(Records supplied Opens)

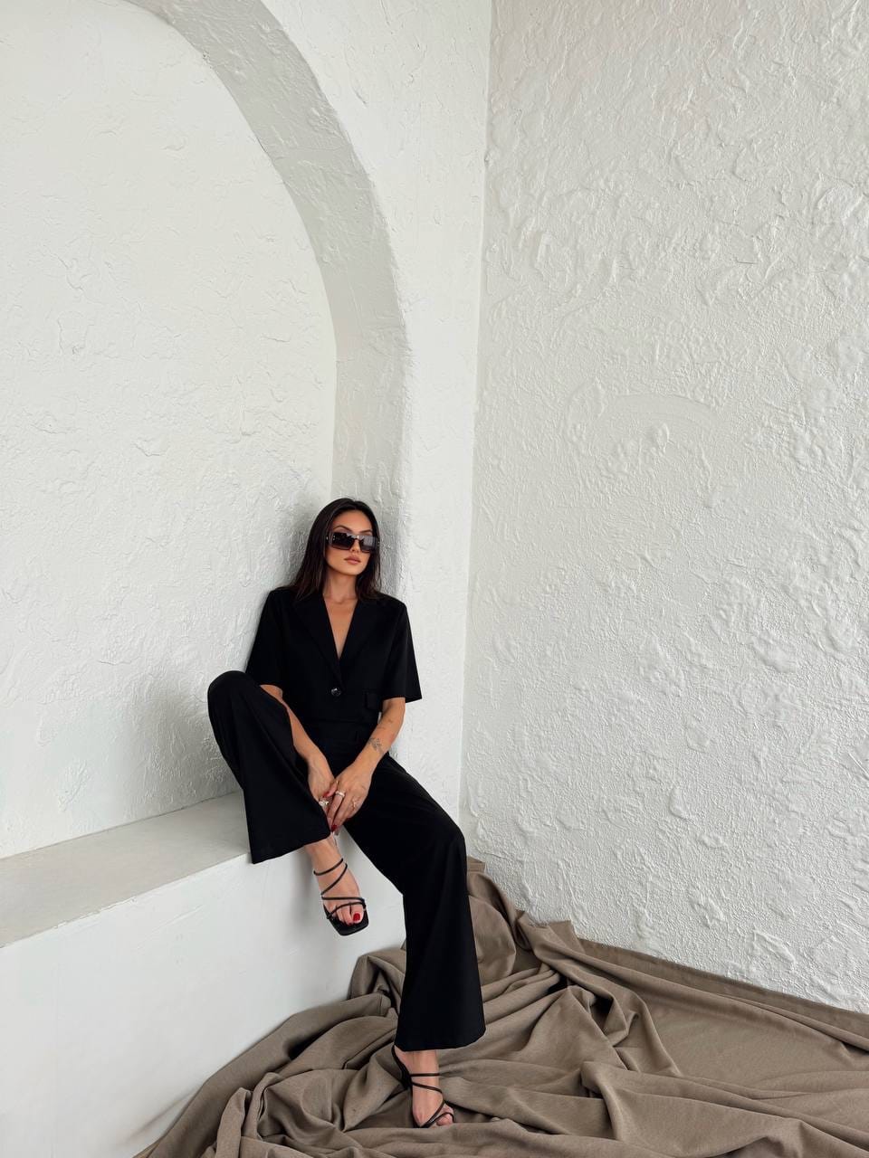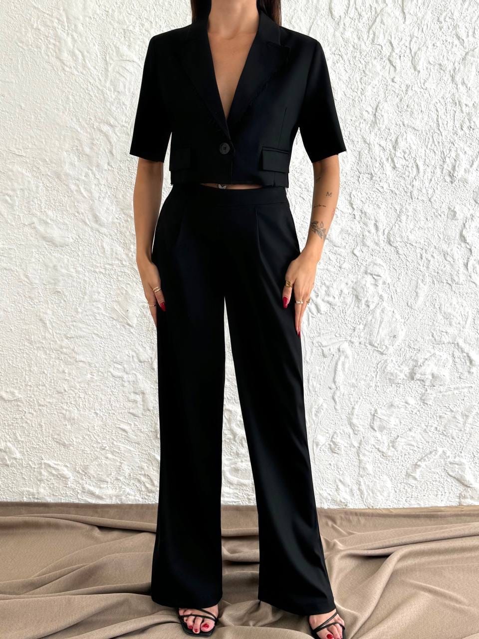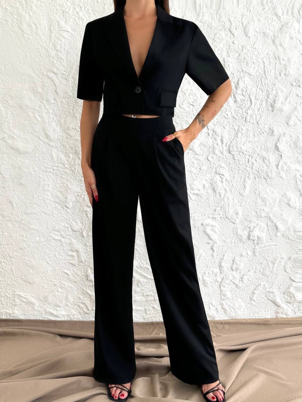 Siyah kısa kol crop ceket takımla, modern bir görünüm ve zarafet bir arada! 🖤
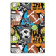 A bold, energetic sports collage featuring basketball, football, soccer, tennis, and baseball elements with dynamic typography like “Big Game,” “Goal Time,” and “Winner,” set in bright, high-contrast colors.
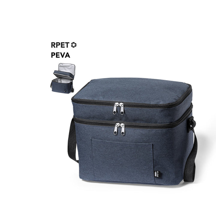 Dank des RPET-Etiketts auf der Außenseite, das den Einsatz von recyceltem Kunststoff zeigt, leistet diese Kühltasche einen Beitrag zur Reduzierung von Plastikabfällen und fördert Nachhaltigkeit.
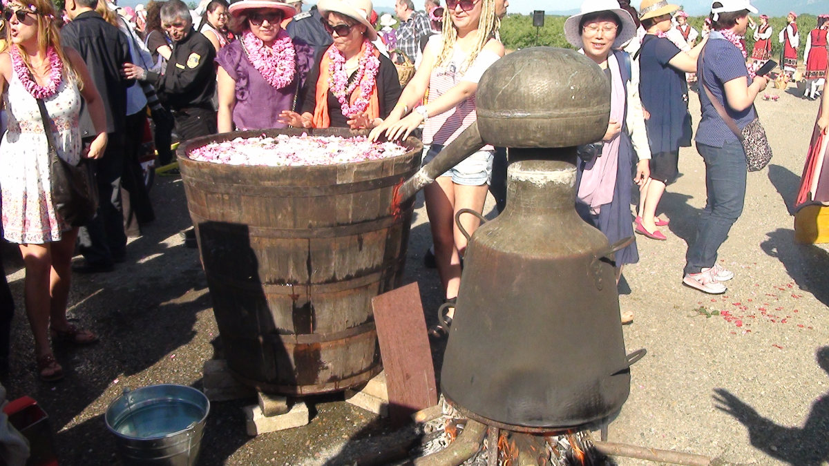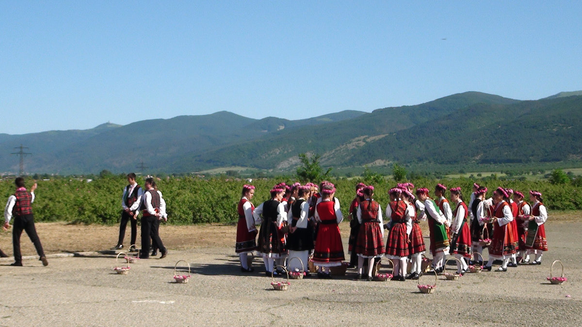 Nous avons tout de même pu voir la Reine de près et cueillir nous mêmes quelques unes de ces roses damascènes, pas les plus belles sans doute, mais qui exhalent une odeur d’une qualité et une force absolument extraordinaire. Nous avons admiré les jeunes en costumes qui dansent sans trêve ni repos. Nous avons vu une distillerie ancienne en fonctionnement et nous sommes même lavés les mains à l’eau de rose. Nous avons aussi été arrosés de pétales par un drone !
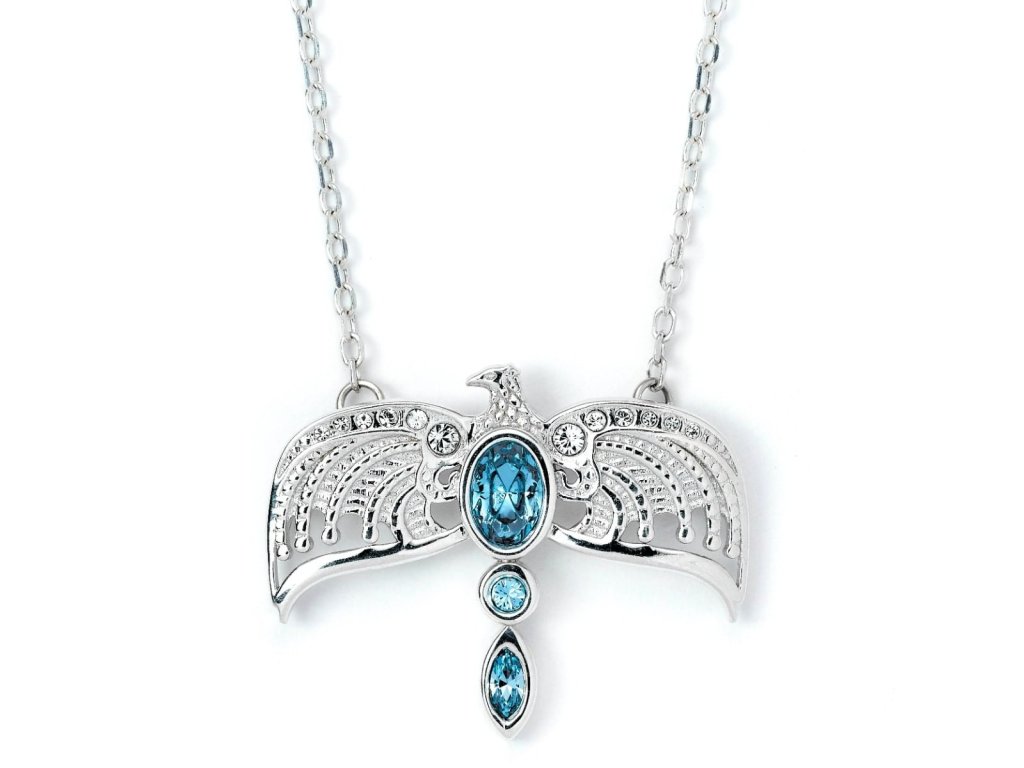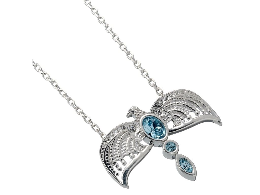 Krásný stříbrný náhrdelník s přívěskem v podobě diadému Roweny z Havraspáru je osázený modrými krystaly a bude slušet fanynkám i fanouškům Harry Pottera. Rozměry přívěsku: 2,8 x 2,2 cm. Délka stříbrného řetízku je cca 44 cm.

(Records supplied Closes)

## Brief
Return every record exactly, without the pictures.

## The answer
 Siyah kısa kol crop ceket takımla, modern bir görünüm ve zarafet bir arada! 🖤
 A bold, energetic sports collage featuring basketball, football, soccer, tennis, and baseball elements with dynamic typography like “Big Game,” “Goal Time,” and “Winner,” set in bright, high-contrast colors.
 Dank des RPET-Etiketts auf der Außenseite, das den Einsatz von recyceltem Kunststoff zeigt, leistet diese Kühltasche einen Beitrag zur Reduzierung von Plastikabfällen und fördert Nachhaltigkeit.
 Nous avons tout de même pu voir la Reine de près et cueillir nous mêmes quelques unes de ces roses damascènes, pas les plus belles sans doute, mais qui exhalent une odeur d’une qualité et une force absolument extraordinaire. Nous avons admiré les jeunes en costumes qui dansent sans trêve ni repos. Nous avons vu une distillerie ancienne en fonctionnement et nous sommes même lavés les mains à l’eau de rose. Nous avons aussi été arrosés de pétales par un drone !
 Krásný stříbrný náhrdelník s přívěskem v podobě diadému Roweny z Havraspáru je osázený modrými krystaly a bude slušet fanynkám i fanouškům Harry Pottera. Rozměry přívěsku: 2,8 x 2,2 cm. Délka stříbrného řetízku je cca 44 cm.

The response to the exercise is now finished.